The Enemy Below
- Author: Denys Rayner
- Language: English
- Publisher: HarperCollins
- Publication date: 1956
- Publication place: United Kingdom
- Media type: Print (hardback & paperback)
- Pages: 192
- ISBN: 9780006163800

= The Enemy Below (novel) =

1956 novel by Denys Rayner

The Enemy Below is a 1956 novel written by Denys Rayner. It was based on the author’s experiences during the Battle of the Atlantic in World War II.

A 1957 film starring Robert Mitchum and Curd Jürgens was based on the novel, but with major changes to characters and action, including making the destroyer an American ship.

==Plot==

The story covers four days in September 1943.

His Majesty’s Destroyer Hecate is on independent patrol in the South Atlantic, when they detect by radar a distant object. Coming closer, it proves to be a German U-boat running on the surface. U-121 is in fact on its way to rendezvous with a German merchant raider in the South Atlantic Ocean, where they are to collect vital documents concerning British cyphers. The submarine does not detect the approach of the ship for some time, believing the radar contact to be a ‘ghost echo’. When the contact is eventually identified and reported to the commander, Peter von Stolberg, he is furious with the watch officers for the delay. He immediately orders the U-boat to dive.

John Murrell, captain of the Hecate, proves himself a match for the wily U-boat Kapitän von Stolberg, a man from an aristocratic background who is not enamoured with the Nazi regime. A prolonged and deadly battle of wits ensues that tests both men and their crews. Each man grows to respect his unseen opponent.

Murrell stalks the U-boat and subjects von Stolberg and his crew to multiple depth charge attacks. Von Stolberg unsuccessfully tries to torpedo the destroyer.

The submarine, badly damaged and critically short of air and battery power, is forced to the surface, and a gun battle takes place. The destroyer also is badly damaged; she loses steam and therefore all power. Many sailors are killed or wounded. But they manage to send off a radio message on an emergency short-range transmitter.

Eventually, both commanders order to abandon ship, and the survivors pile into lifeboats.

Murrell and von Stolberg find themselves in the same lifeboat. Murrell assumes that von Stolberg will now formally surrender, but in fact, the latter demands that Murrell surrenders, believing that the German ship they are to rendezvous with is very close. The two commanders, now angry, engage in fisticuffs. von Stolberg is nearly knocked into the sea by a punch from Murrell and the latter is struck with a wooden oar by an enraged young German sailor.

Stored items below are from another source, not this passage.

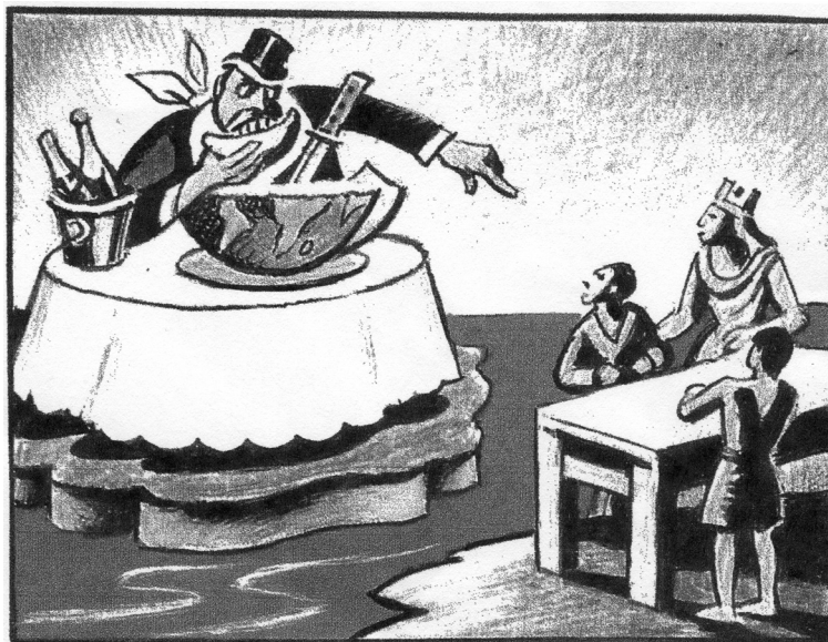
An Italian cartoon showing Britain (top left) criticising Italy (bottom right) over Abyssinia. This cartoon was published in October 1935 in a newspaper founded by Mussolini.
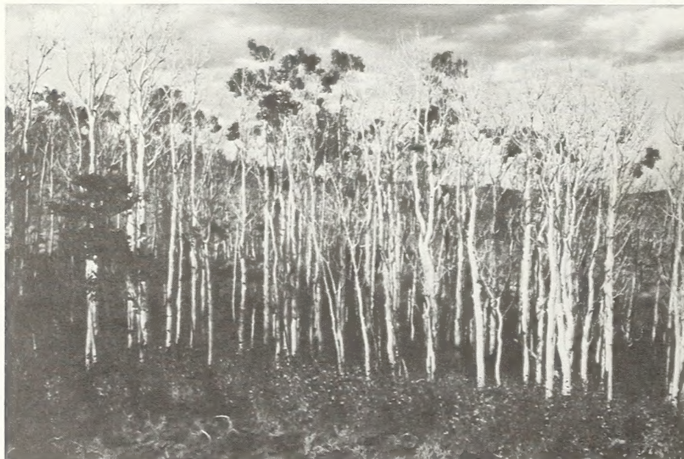
Figure 3.—Abundant regeneration of aspen 3 years after herbicide spraying.
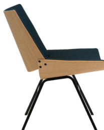
leather / textile seat + back
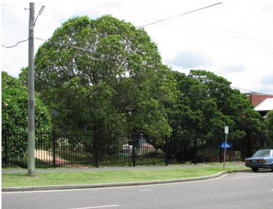
Plate 7 Fig trees at Guthrie Street, Paddington
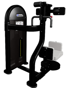
ROTARY TORSO 9NL-S6300
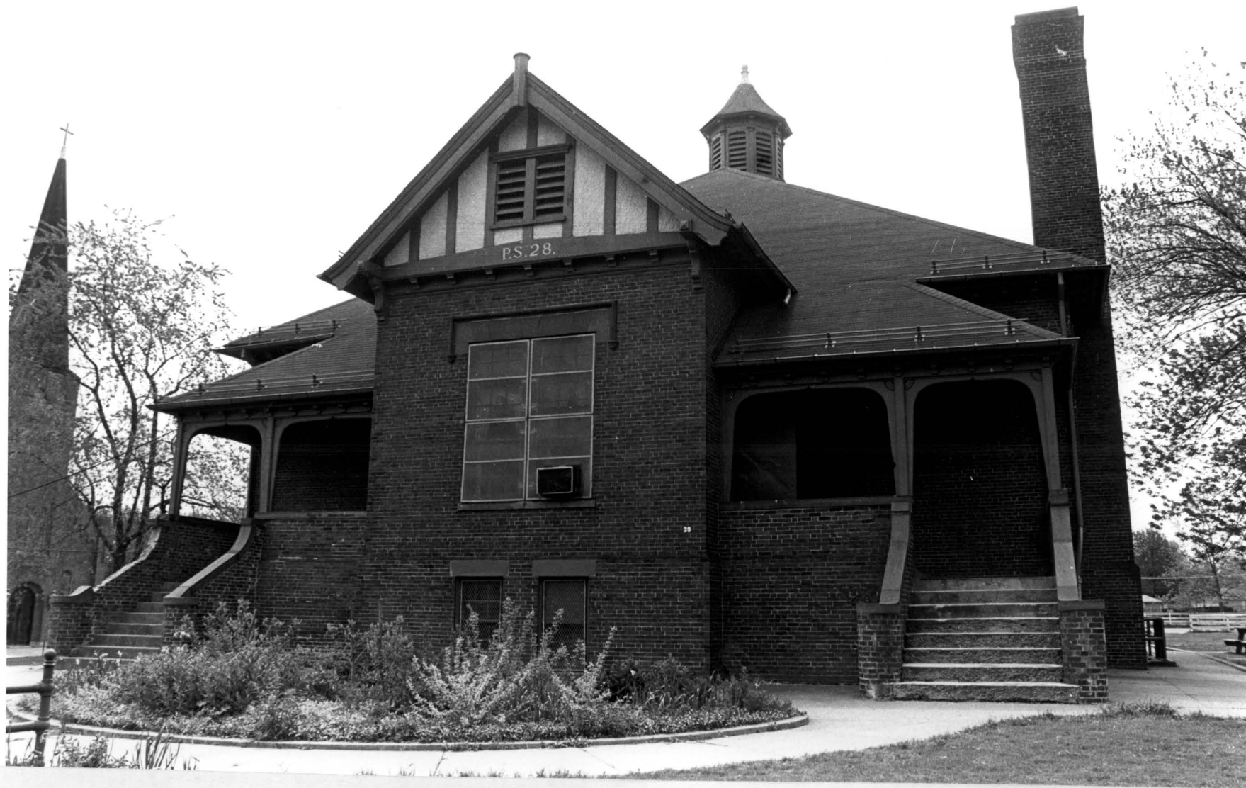
(Former) Public School 28, 276 Center Street, Staten Island.
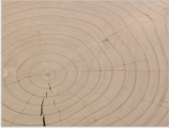
cedarwood contract finish
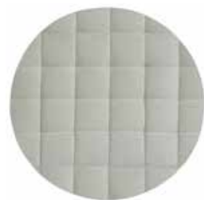
(Q) Box Quilted

HMS Marabout arrives to take off the survivors. Her captain cheerfully reports that her two companion ships are busily engaged in sinking the German raider.

==Background==

The novel is divided into five major sections, which reflect the nature of the conflict between the U-boat and the destroyer: "Radar Sparring", "ASDIC Duel", "Gun Battle", "Cold Steel", and "Fisticuffs".

In an introductory note, the author points out that the story is fictional; as far as he is aware, no British destroyer ever fought a single-ship action against a U-boat. He further explains that, in such an action, the odds are rather more in favour of the submarine, which has more chances of sinking her adversary by torpedo and deck gun, whilst presenting a smaller target for the destroyer. He further explains that an early attempt by the ship to ram the submarine was not carried out, due to the thin metal used to plate the ship; this would have caused major damage to the latter and little damage to the U-boat.